The industry began using ML in mammography for image interpretation. Technology development stalled until the emergence of neural networks. Based on a biologic neurologic system, these computer algorithms formed an artificial network of interconnected computer neurons. Today, the convolutional neural network (CNN) is an extensive, computer-generated neural network that recognizes image patterns.

At WCG, we see two concepts in AI algorithm development that apply to radiology and clinical trials:

Predefined engineered features and traditional machine learning help detect abnormalities in an image. The computer looks for a predefined set of items, including texture, a histogram, or a shape. The computer is shaped with expert knowledge to understand that imagery, make a selection, and possibly make a classification. Classic use detects calcifications or masses on a mammogram, where the computer detects an aberration in pixel density or heterogeneity.

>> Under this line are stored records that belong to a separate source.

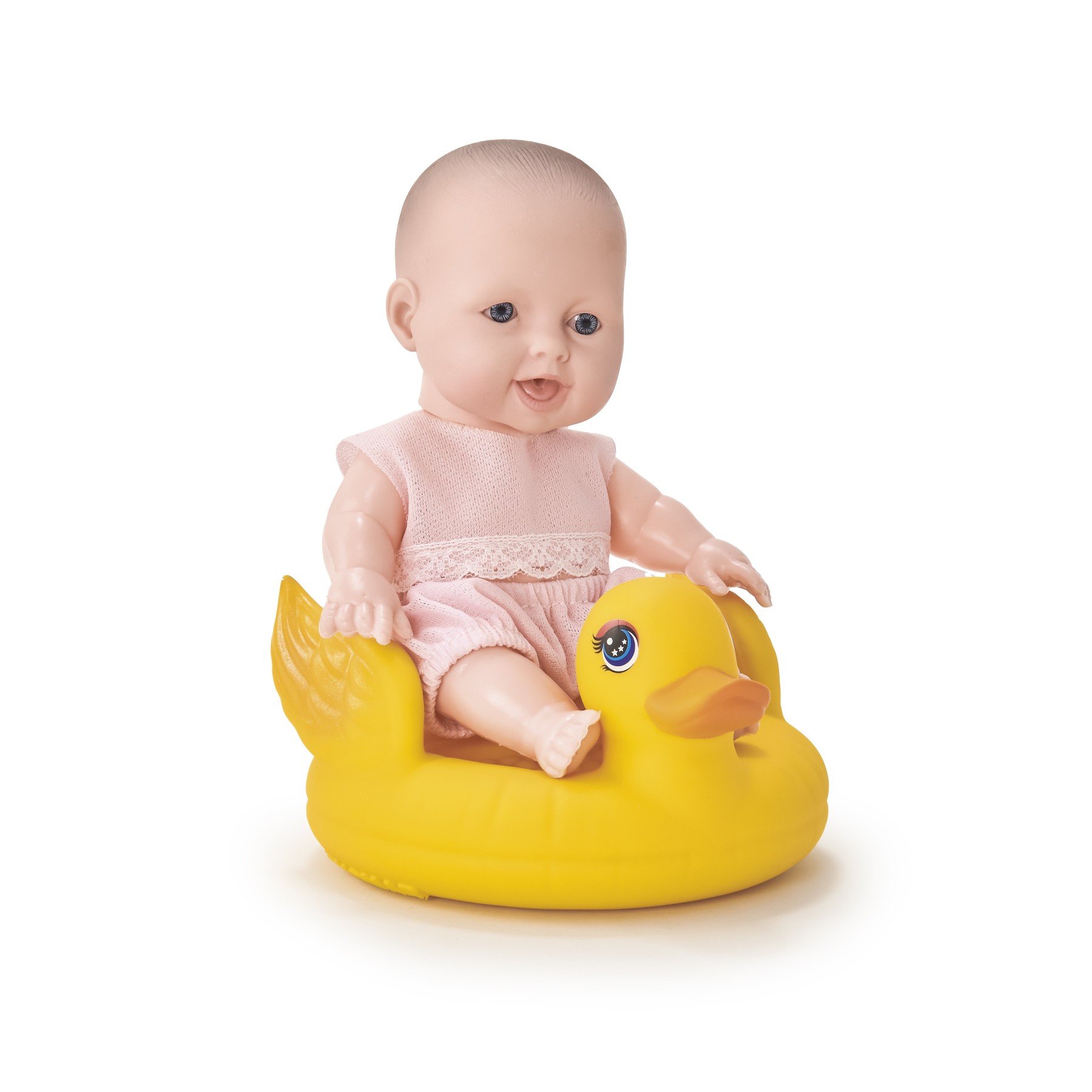 Esse bebê fofinho adora passear na água montando em seu patinho amarelo. Com carinha alegre e roupinha delicada, ele encanta desde o primeiro sorriso. O pato é perfeito para transformar a banheira em uma lagoa cheia de diversão.
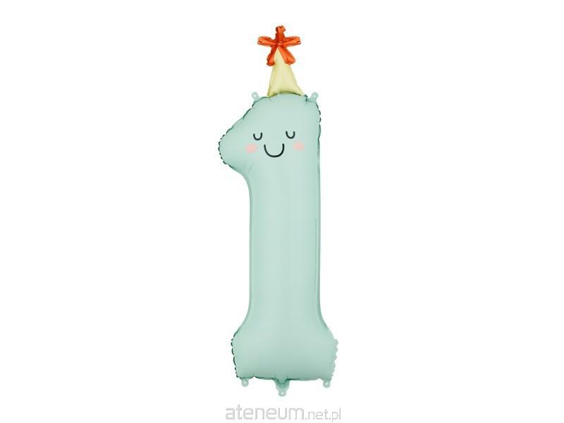 Balon foliowy matowy Cyfra \\'\\'1\\'\\' w kolorze miętowym z kolorową czapeczką. Rozmiar przed napompowaniem ok. 100 cm (39.4\\'\\'), rozmiar po napompowaniu ok. 86 cm (34\\'\\'). Do napompowania powietrzem i helem. Zestaw zawiera słomkę.
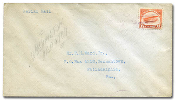 ![]() Airmail, 1918, 6¢ Jenny (Scott C1), well centered, tied by lightly struck Washington-NY-Philadelphia cancel in purple on a first flight cover to Philadelphia. A tiny edge tear at right, Fine to Very Fine overall. Scott $2,000. Estimate $500 - 750. View details and enlarged photo | Unsold |
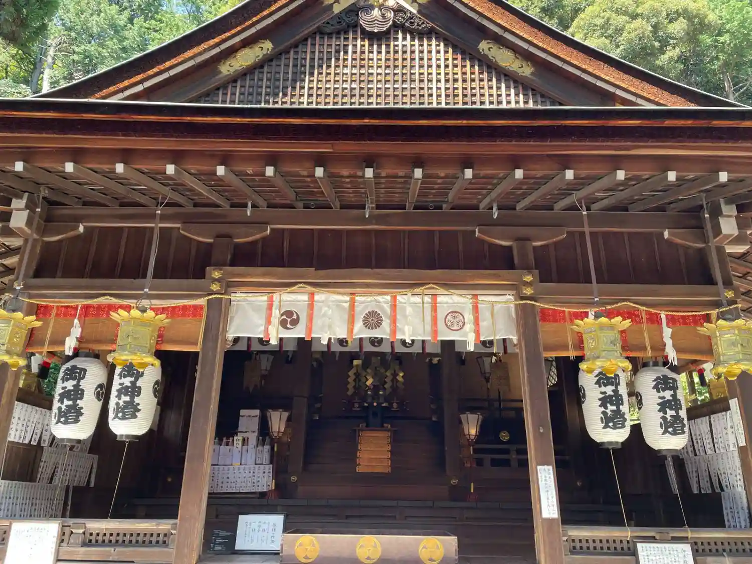 いよいよ参道正面の<拝殿>。木造入母屋造。源頼朝公が近江守護職・佐々木六角に命じて造営。
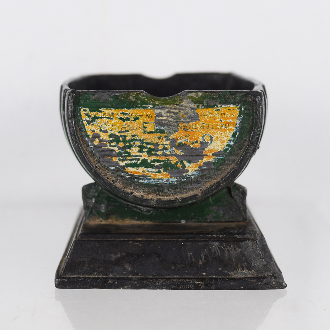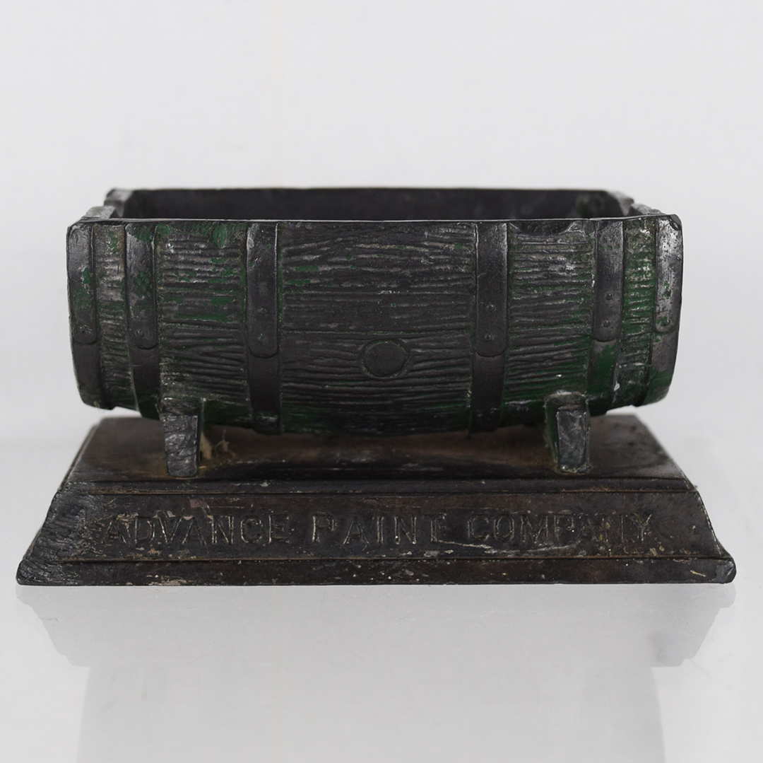 Paint advertising is a niche many collectors love. This Advance Paint Company metal ashtray was a desk accessory used by a company officer. It is made of “Pot” metal, which is heavy enough to use as a paperweight as well if the person did not smoke cigarettes. Each end has a small cutout for resting a cigarette, along with remnants of green and yellow paint. The company’s name, “Advance Paint Company,” is embossed along the bottom of each side. It measures 2 1/8 inches tall, 4 1/8 inches long, and 2 1/2 inches wide. It is reasonably heavy, weighing 1 pound, 6 ounces. It is in excellent condition and ready for your collection. 1037-QY
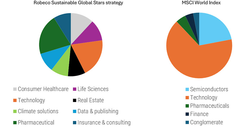 Cette approche privilégie le ROIC et le rendement de FCF en tant que principales forces motrices de la création de valeur à long terme dans notre stratégie d’investissement. Et elle a fait ses preuves, comme en témoignent les solides performances ajustées du risque générées au fil des ans et dans des contextes économiques différents. La stratégie Sustainable Global Stars de Robeco affiche un ROIC de 29,75 % contre 11,3 % pour son indice de référence, l’indice MSCI World, et un rendement de FCF de 4,7 % contre 4,6 %2, ce qui reflète l’accent que nous avons mis sur ces deux indicateurs. Ce processus permet de nous constituer un portefeuille à la composition très différente de celle de l’indice de référence, comme le montre le Graphique 1 ci-dessous, et offre une réelle diversification à nos clients.
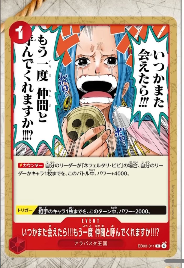 [Counter] if your Leader is “Nefertari Vivi”, give up to 1 of your Leader or Characters +4000 Power for this battle.
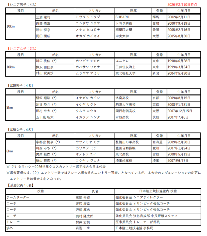 2026 年 2 月 21 日(土)に福岡市・海の中道海浜公園で開催される「アジアクロスカントリー選手権大会 福岡 2026」におきまして、日本代表に決定しておりました廣中 璃梨佳(JP日本郵政G)が出場を辞退することになりましたのでお知らせいたします。
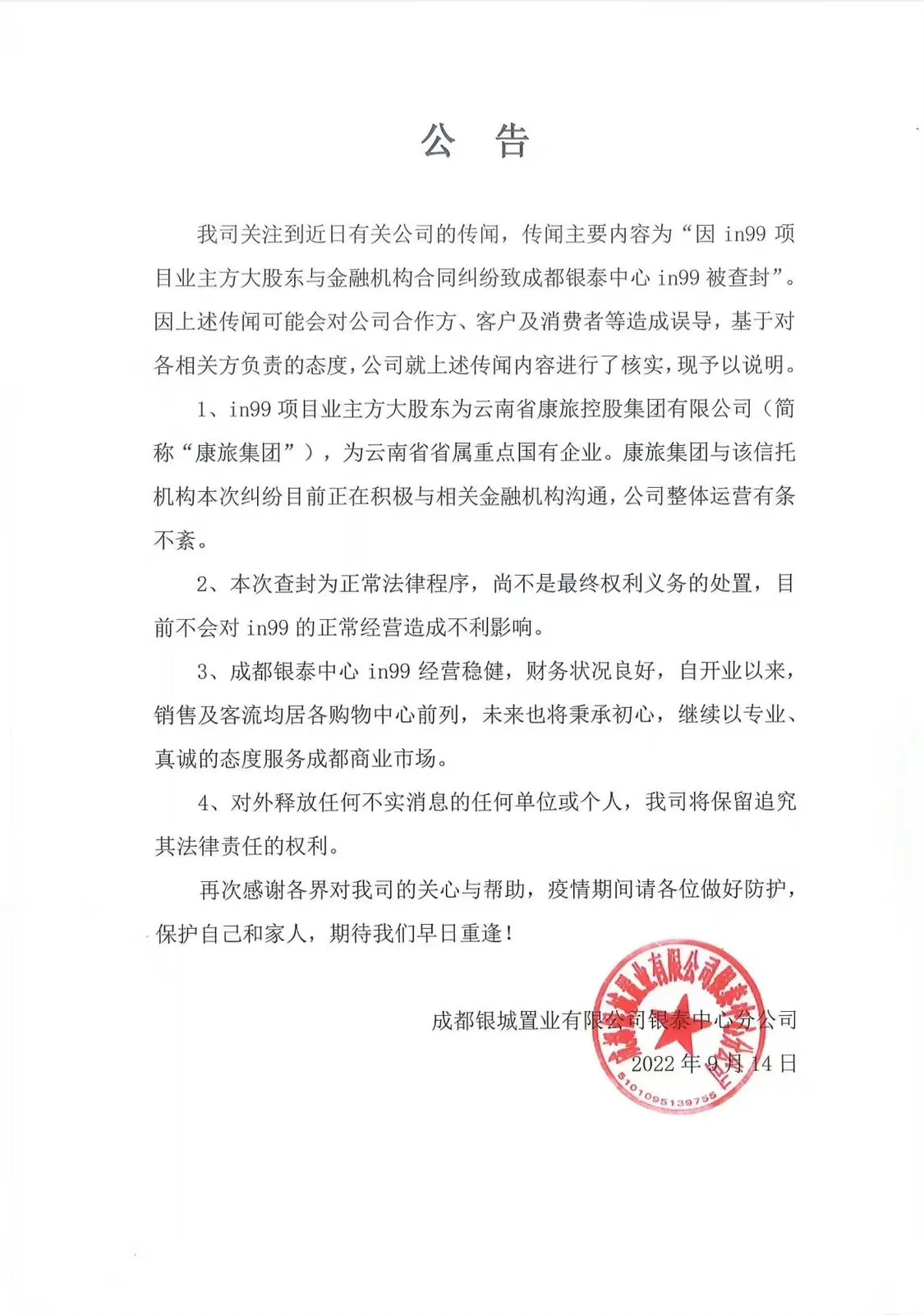 9月14日下午,银泰in99购物中心所属公司成都银城置业有限公司银泰中心分公司发布公告称:“本次查封为正常法律程序,尚不是最终权利义务的处置,目前不会对in99的正常经营造成不利影响。”公告同时还提到,in99经营稳健,财务状况良好,自开业以来,销售及客流均居各购物中心前列,未来也将秉承初心,继续以专业、真诚的态度服务成都商业市场。
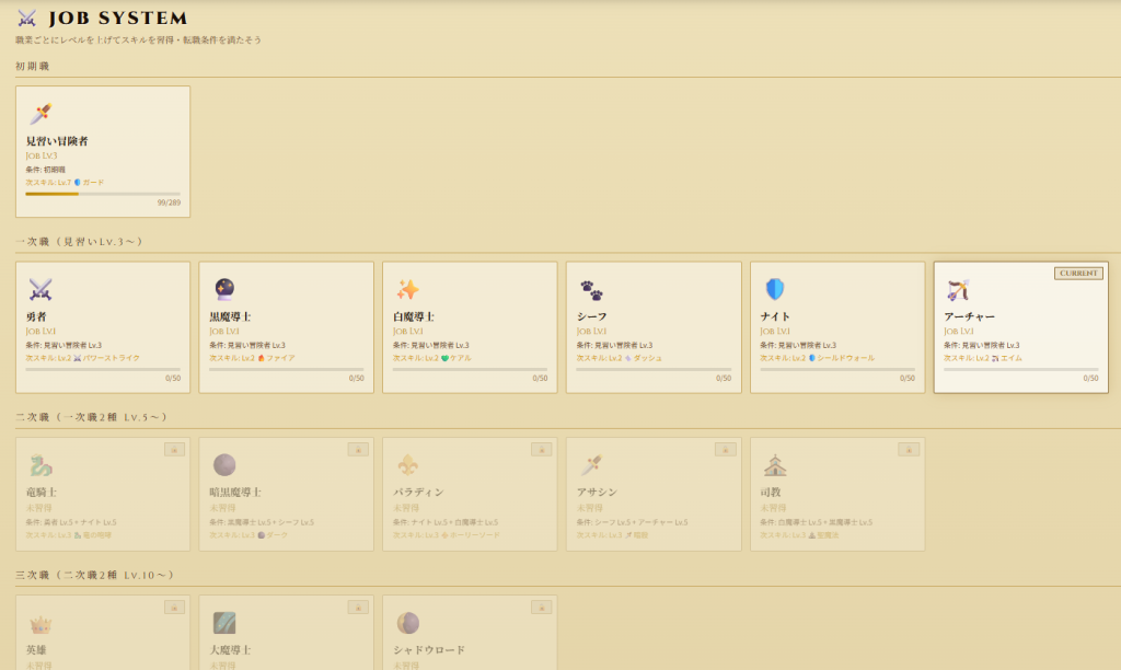 ・レベルが上がると上位職に転職できる
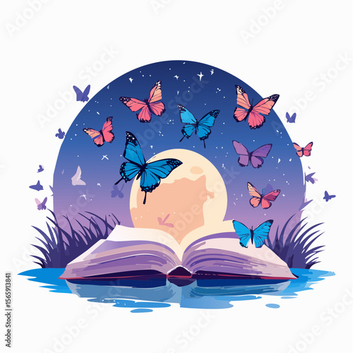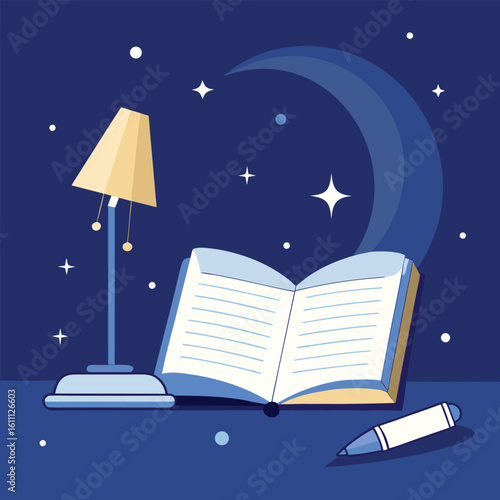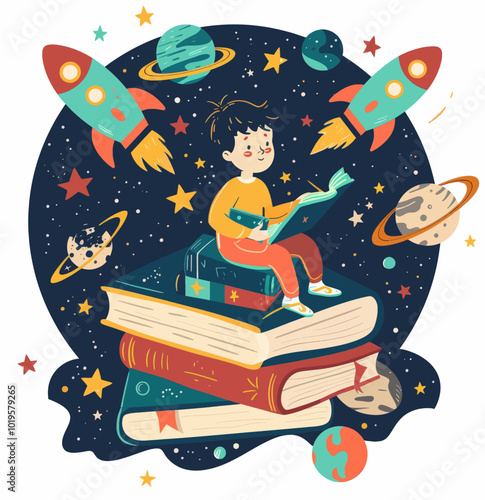 Astronomie vzdělávání plakát vektorové ilustrace s dalekohledem na knihy zásobníku přes různé kosmické tělo v hvězdné obloze
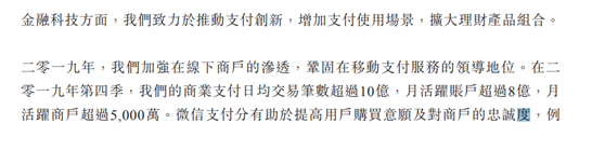 而在金融科技方面,2019年财报显示,在2019年第四季度,腾讯商业支付日均交易笔数超过10亿,月活跃账户超过8亿,月活跃商户超过5000万,随着腾讯扩大在大众市场的业务,腾讯理财平台理财通的资产保有量同比增长超过50%,而客户数目同比增长超过1倍,联营公司微众银行在微信内提供小额贷款产品“微粒贷”,该产品贷款余额迅速增长,不良贷款比例维持较低水平。
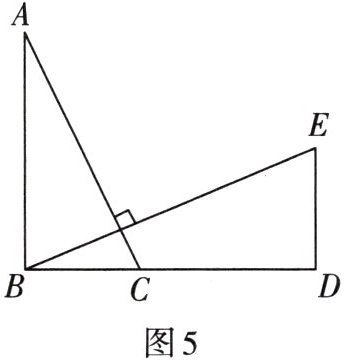 1. 如图5,在Rt△ABC中,∠ABC= 90°,点D在BC的延长线上,且BD= AB,过点B作BE⊥AC,与BD的垂线DE交于点E.
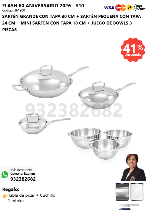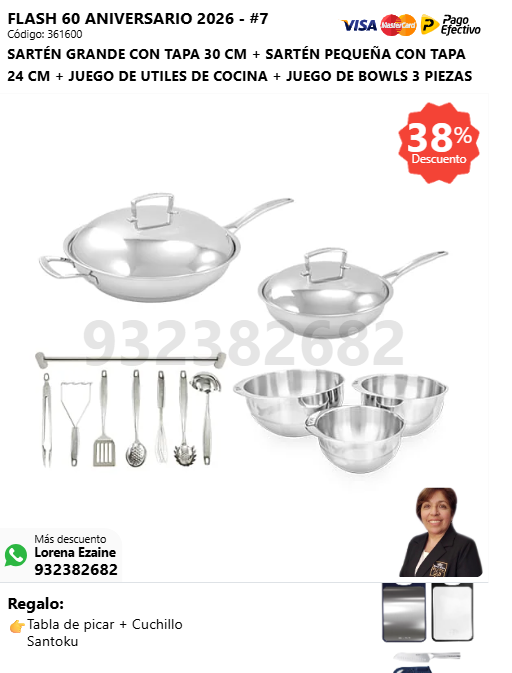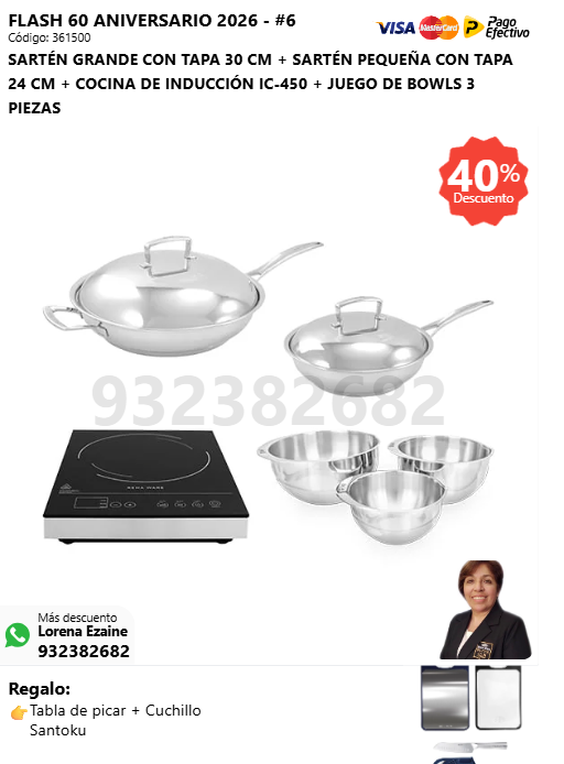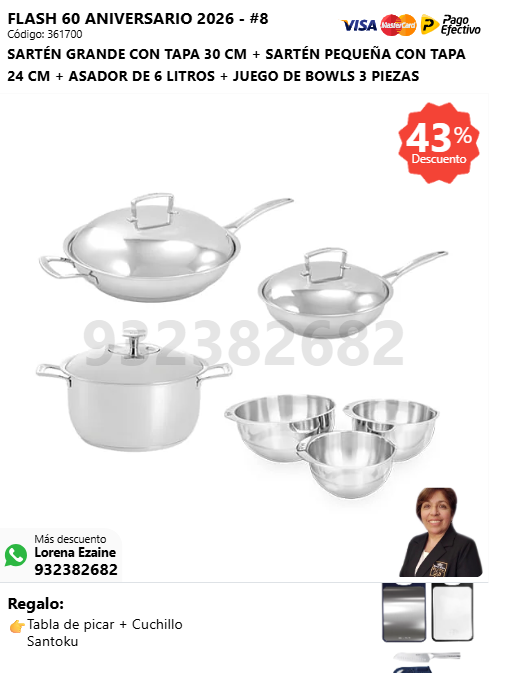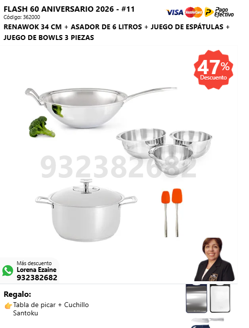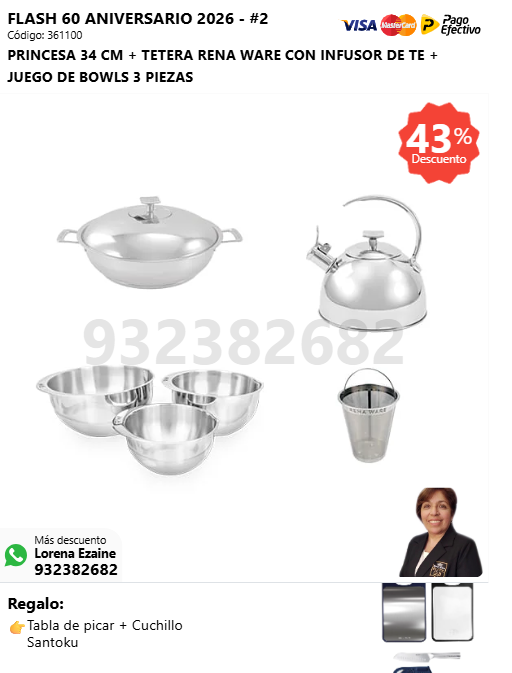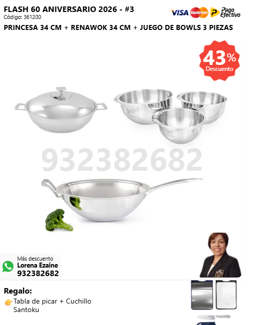 PRINCESA 34 CM + RENAWOK 34 CM + JUEGO DE BOWLS 3 PIEZAS + (🎁: Tabla de picar + Cuchillo Santoku )
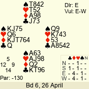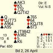 Con | Dc | Res | Score | Ld | Pairs | Rd | Tbl | 4  | S | +1 | 650 | Q | 02 - 10 | 12 | 2 |
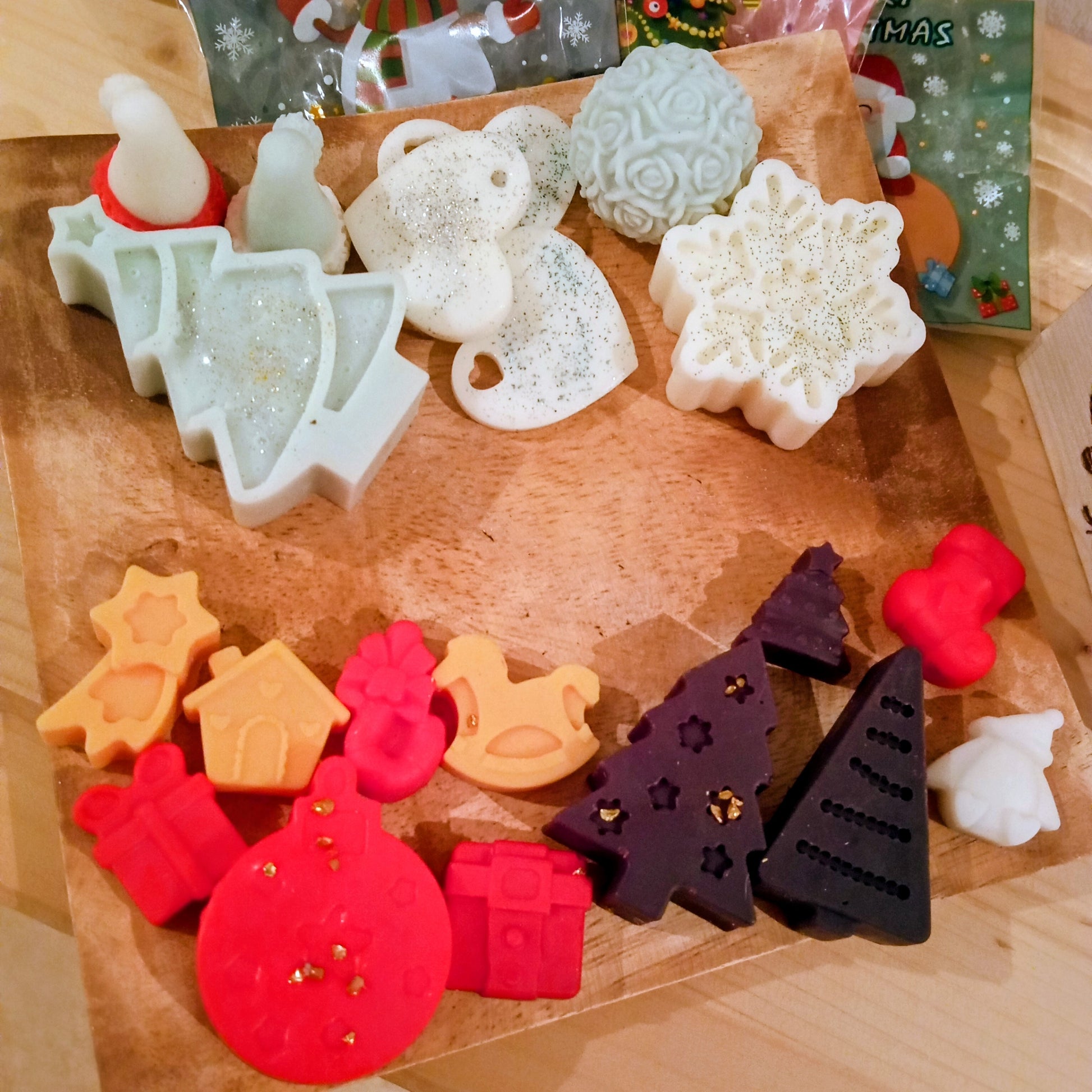 Le acompaña un bonito lote de 20 Waltmelts con formas y aromas navideños .

Deep learning uses computer intelligence to assess a finding. The computer finds an abnormality and then uses convolution layers for feature map extraction. For example, a computer algorithm understands if an abnormality on an image meets a threshold representing cancer. This leap in engineering makes these algorithms clinically relevant.

Clinical and Operational Development

Efforts for AI and ML are currently focused on three goals regarding clinical radiology:

  1. Improve the performance of detection and diagnostic algorithms.
  2. Improve the productivity of image interpretation by AI-assisted workflows and increase productivity to reduce cost.
  3. Develop radiomics that integrate the data from imaging into pathology, genomics, and other disciplines to facilitate diagnosis and treatment.

We see development in several areas. As this image illustrates, computer vision can look at image classification at a holistic level, identifying an abnormality on an image, then stopping and letting the human interpreter make a determination. In object detection, the computer finds an abnormality in an image, e.g., finding calcification in a mammogram, so the radiologist can decide whether this is cancer.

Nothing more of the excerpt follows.